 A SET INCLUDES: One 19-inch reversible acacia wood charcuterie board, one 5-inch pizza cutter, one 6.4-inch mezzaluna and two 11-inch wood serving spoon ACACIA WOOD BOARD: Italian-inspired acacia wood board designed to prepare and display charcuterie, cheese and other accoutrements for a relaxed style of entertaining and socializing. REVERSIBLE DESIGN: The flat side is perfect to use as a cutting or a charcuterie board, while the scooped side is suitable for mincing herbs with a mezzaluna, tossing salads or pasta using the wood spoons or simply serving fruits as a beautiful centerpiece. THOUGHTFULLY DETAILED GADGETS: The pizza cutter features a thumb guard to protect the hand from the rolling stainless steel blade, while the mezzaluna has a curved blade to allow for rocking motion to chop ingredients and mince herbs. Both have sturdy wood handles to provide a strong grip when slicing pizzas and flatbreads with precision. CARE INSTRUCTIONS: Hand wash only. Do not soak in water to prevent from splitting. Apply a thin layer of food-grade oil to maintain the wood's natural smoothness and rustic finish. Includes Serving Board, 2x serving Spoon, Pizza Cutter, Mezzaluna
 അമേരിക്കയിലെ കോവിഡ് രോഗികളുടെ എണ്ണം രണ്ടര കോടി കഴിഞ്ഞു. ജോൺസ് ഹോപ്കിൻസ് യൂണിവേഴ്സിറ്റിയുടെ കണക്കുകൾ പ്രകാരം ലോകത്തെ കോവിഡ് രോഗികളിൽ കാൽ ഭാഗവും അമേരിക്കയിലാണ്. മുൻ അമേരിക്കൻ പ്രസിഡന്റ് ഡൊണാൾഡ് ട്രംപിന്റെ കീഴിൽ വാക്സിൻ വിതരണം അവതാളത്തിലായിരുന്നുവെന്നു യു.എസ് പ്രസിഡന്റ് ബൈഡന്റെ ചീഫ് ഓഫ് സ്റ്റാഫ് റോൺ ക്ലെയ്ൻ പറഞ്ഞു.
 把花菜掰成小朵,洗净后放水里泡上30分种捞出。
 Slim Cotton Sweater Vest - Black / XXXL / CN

---

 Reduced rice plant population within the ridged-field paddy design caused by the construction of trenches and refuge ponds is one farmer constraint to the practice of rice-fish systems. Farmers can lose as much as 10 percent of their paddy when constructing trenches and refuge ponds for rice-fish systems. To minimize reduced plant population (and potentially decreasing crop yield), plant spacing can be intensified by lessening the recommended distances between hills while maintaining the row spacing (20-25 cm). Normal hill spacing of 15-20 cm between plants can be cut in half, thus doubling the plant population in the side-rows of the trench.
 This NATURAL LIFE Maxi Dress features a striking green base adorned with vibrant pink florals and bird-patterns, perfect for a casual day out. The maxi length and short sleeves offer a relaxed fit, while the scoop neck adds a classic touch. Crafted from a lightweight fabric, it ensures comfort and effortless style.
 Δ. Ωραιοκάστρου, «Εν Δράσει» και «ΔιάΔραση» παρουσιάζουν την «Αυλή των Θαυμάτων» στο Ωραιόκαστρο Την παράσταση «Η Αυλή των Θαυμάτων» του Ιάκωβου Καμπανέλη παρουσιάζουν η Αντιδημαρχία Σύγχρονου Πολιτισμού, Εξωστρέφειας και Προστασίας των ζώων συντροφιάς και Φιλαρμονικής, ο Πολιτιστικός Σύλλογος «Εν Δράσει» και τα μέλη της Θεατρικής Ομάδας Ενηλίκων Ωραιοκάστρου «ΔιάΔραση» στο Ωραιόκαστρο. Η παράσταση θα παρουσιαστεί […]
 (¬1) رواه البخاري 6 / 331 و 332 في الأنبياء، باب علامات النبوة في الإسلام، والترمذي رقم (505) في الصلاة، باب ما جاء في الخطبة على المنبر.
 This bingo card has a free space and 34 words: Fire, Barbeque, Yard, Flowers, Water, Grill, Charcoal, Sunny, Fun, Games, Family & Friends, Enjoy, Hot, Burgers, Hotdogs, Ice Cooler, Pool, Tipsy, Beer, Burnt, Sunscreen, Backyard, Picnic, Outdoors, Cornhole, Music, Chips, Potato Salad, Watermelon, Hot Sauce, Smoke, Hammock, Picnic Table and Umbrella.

- **Task statement**
Starting at the line with "അമേരിക്കയിലെ കോവിഡ് രോഗികളുടെ" and ending at the line with "Slim Cotton Sweater Vest - Black / XXXL / CN", print each line of the listing above exactly, with no other lines.

- **Written reply**
 അമേരിക്കയിലെ കോവിഡ് രോഗികളുടെ എണ്ണം രണ്ടര കോടി കഴിഞ്ഞു. ജോൺസ് ഹോപ്കിൻസ് യൂണിവേഴ്സിറ്റിയുടെ കണക്കുകൾ പ്രകാരം ലോകത്തെ കോവിഡ് രോഗികളിൽ കാൽ ഭാഗവും അമേരിക്കയിലാണ്. മുൻ അമേരിക്കൻ പ്രസിഡന്റ് ഡൊണാൾഡ് ട്രംപിന്റെ കീഴിൽ വാക്സിൻ വിതരണം അവതാളത്തിലായിരുന്നുവെന്നു യു.എസ് പ്രസിഡന്റ് ബൈഡന്റെ ചീഫ് ഓഫ് സ്റ്റാഫ് റോൺ ക്ലെയ്ൻ പറഞ്ഞു.
 把花菜掰成小朵,洗净后放水里泡上30分种捞出。
 Slim Cotton Sweater Vest - Black / XXXL / CN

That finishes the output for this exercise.